The KFS file system uses the B + tree. Why is the B + tree instead of the B-tree? Here is a simple analysis:
2.1 B-tree
B-tree definition:
B-tree is a balanced multi-path search tree, a B-tree of the m level, an empty tree, or an M-tree that meets the following features:
(1) Each node in a tree can contain up to m words;
(2) If the root node is not a leaf node, there are at least two Subtrees;
(3) All non-terminal nodes except the root node have at least [m/2] subtree;
(4) All non-terminal nodes contain the following information data: (n, P0, K1, P1, K2, P2,..., kN, PN ),
Where: Ki is the keyword, and Ki <Ki + 1; Pi is the pointer to the Child root node, the keyword that satisfies all nodes in the subtree indicated by PI is greater than KI and less than Ki + 1, and the keyword of all nodes in the subtree indicated by PN is greater than kN;
(5) All leaf nodes are on the same layer.
B-tree search:
Start from the root node and perform a binary search for the sequence of ordered keywords in the node. If hit, the search process is directly completed. Otherwise, the son node that enters the scope of the query keyword is searched. Repeat the above process until the corresponding son pointer is null or is already a leaf node.
B-Tree features:
(1) the set of keywords is distributed in the entire tree;
(2) Any keyword appears only in one node;
(3) The search may end at a non-leaf node;
(4) its search performance is equivalent to performing a binary search in the complete set of keywords;
(5) Automatic hierarchical control.
2.2 B + trees
B + tree definition:
The B + tree is also a balanced multi-path search tree, which is a variant tree of B-tree that is required by the file system. A B + tree meets the following conditions:
(1) Each non-terminal node has at most M subtree;
(2) Apart from the root node, each other non-terminal node must have at least [(m + 1)/2] subtree;
(3) there are at least two Subtrees;
(4) nodes with N subtree contain N keywords;
(5) All leaf nodes contain information about all the keywords and pointers to records containing these keywords, and the leaf nodes themselves are connected in a small and large order based on the size of the keywords;
(6) All non-terminal nodes can be regarded as index parts. They only contain the maximum keywords in each of their subnodes and pointers to the subnodes.

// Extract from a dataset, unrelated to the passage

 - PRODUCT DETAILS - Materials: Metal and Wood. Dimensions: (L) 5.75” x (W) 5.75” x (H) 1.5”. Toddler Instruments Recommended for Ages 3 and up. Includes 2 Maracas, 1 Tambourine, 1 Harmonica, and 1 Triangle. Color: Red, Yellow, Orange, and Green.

Generally, the B + tree has two head pointers, one pointing to the root node and the other pointing to the leaf node with the smallest keyword.
B + tree retrieval:
The B + tree can be searched in two ways:
(1) One is to start from the header pointer pointing to the leaf node with the smallest keyword for sequential search;
(2) a random search starts from the header pointer pointing to the root node: similar to B-tree, it is equivalent to performing a binary search in the complete set of keywords, the difference is that B + trees hit only when they reach the leaf node (B-trees can hit non-leaf nodes ).
Features of the B + tree:
(1) All keywords appear in the linked list of leaf nodes (dense index), and the keywords in the linked list are exactly ordered;
(2) It is impossible to hit non-leaf nodes only when a leaf node is hit during retrieval;
(3) Non-leaf nodes are equivalent to leaf node indexes (sparse indexes), and leaf nodes are equivalent to data layers that store (keywords) data;
(4) It is more suitable for file index systems.

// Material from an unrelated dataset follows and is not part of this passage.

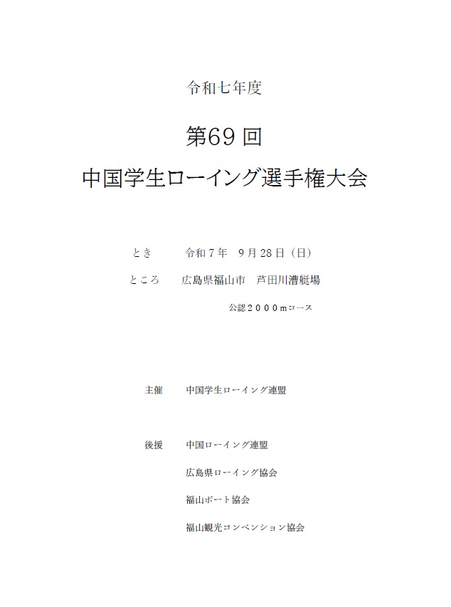 2025年9月28日(日)に、広島県福山市芦田川漕艇場で「第69回中国学生ローイング選手権大会」が開催されます。

2.3 comparison between B + and B-trees
Through understanding the definitions and features of B-tree and B + tree, we can compare the two:
(1) space occupation:
- B-the non-leaf node of the tree contains a large amount of keyword information, occupying a relatively large space;
- Only leaf nodes in the B + tree have keyword information.The non-leaf node does not point to the specific information pointer of the keyword, And the occupied space is relatively small.
(2) search path length:
- BecauseAll the keywords of the B + tree are distributed on the leaf node, and other non-leaf nodes are indexed. ThereforeThe level of tree (that is, the height of tree) is larger than that of B-. There are more paths to search, and the operation time is relatively long;
- BecauseThe key words of the B-tree are distributed to each node. Compared to the full distribution of the B + tree to the leaf node, the order of the scattered distribution is naturally small,Therefore, the number of B-trees is smaller than that of B +, the number of paths to be searched is relatively small, and the computing time is relatively short.

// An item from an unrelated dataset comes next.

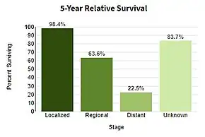 | Prognosis | Five-year survival rates in US 99% (localized), 25% (disseminated)[4] |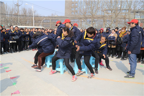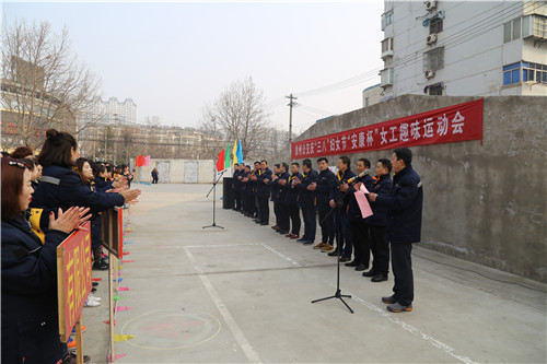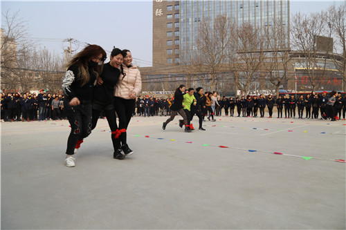 “參賽隊(duì)員各就各位!裁判員準(zhǔn)備計(jì)時(shí)!”運(yùn)動(dòng)會(huì)主持人一聲令下,首先開(kāi)始比拼的項(xiàng)目是需要隊(duì)員齊心協(xié)力,發(fā)揚(yáng)合作精神的“三人四足接力賽”,三人一組紅繩綁腿齊步走,每隊(duì)12名參賽隊(duì)員,比的是速度,更是勁兒往一處使的同心合力?!凹佑?!加油啊!”“一二!一二!”比賽場(chǎng)上運(yùn)動(dòng)員的號(hào)子聲和場(chǎng)外女工們的加油聲、歡笑聲交織一起,此起彼伏。

For file system design, the most critical bottleneck lies in disk I/O operations. If the disk space is small, Io operations will naturally take less time. In the process of actually retrieving the data structures in the memory (such as B + tree and B-tree), the computing time is much smaller than that of disk I/O operations, that is, the memory retrieval time is not the main bottleneck.
Therefore, although for B-and B + trees of the same order, the height and average retrieval length of B + trees are greater than that of B-trees, the most time-consuming operation is the disk I/O operation, whileThe B-tree occupies a relatively large amount of space and has obvious disadvantages in Io operations.. Because the non-leaf node of the B + tree has no record information, only indexes are available, and disk space of the same size can store more index information, with fewer disk visits, the speed is faster than that of B-tree.
2.4 select B + tree
B + tree is more suitable for the file index and database index of the operating system in actual applications than B-tree, because:
(1) Low disk read/write costs: Even ifB-treeThe calculation time is shorter than that of B + tree.But because the diskIoOperationalDisadvantage, resulting inThe overall efficiency is less than B + tree.
(2) query efficiency is more stable: Any keyword search in the B + tree must go through the root node to the leaf node. Therefore, the path length of all keyword queries is the same, the query efficiency of each data is equivalent.
3. Metadata Organization Structure
The implementation of metaserver metadata in the KFS file system is illustrated as follows:Several types of B +Tree node:
(1) metanode:Common base classes for all leaf nodes and internal nodes, which record the types of different Tree nodes.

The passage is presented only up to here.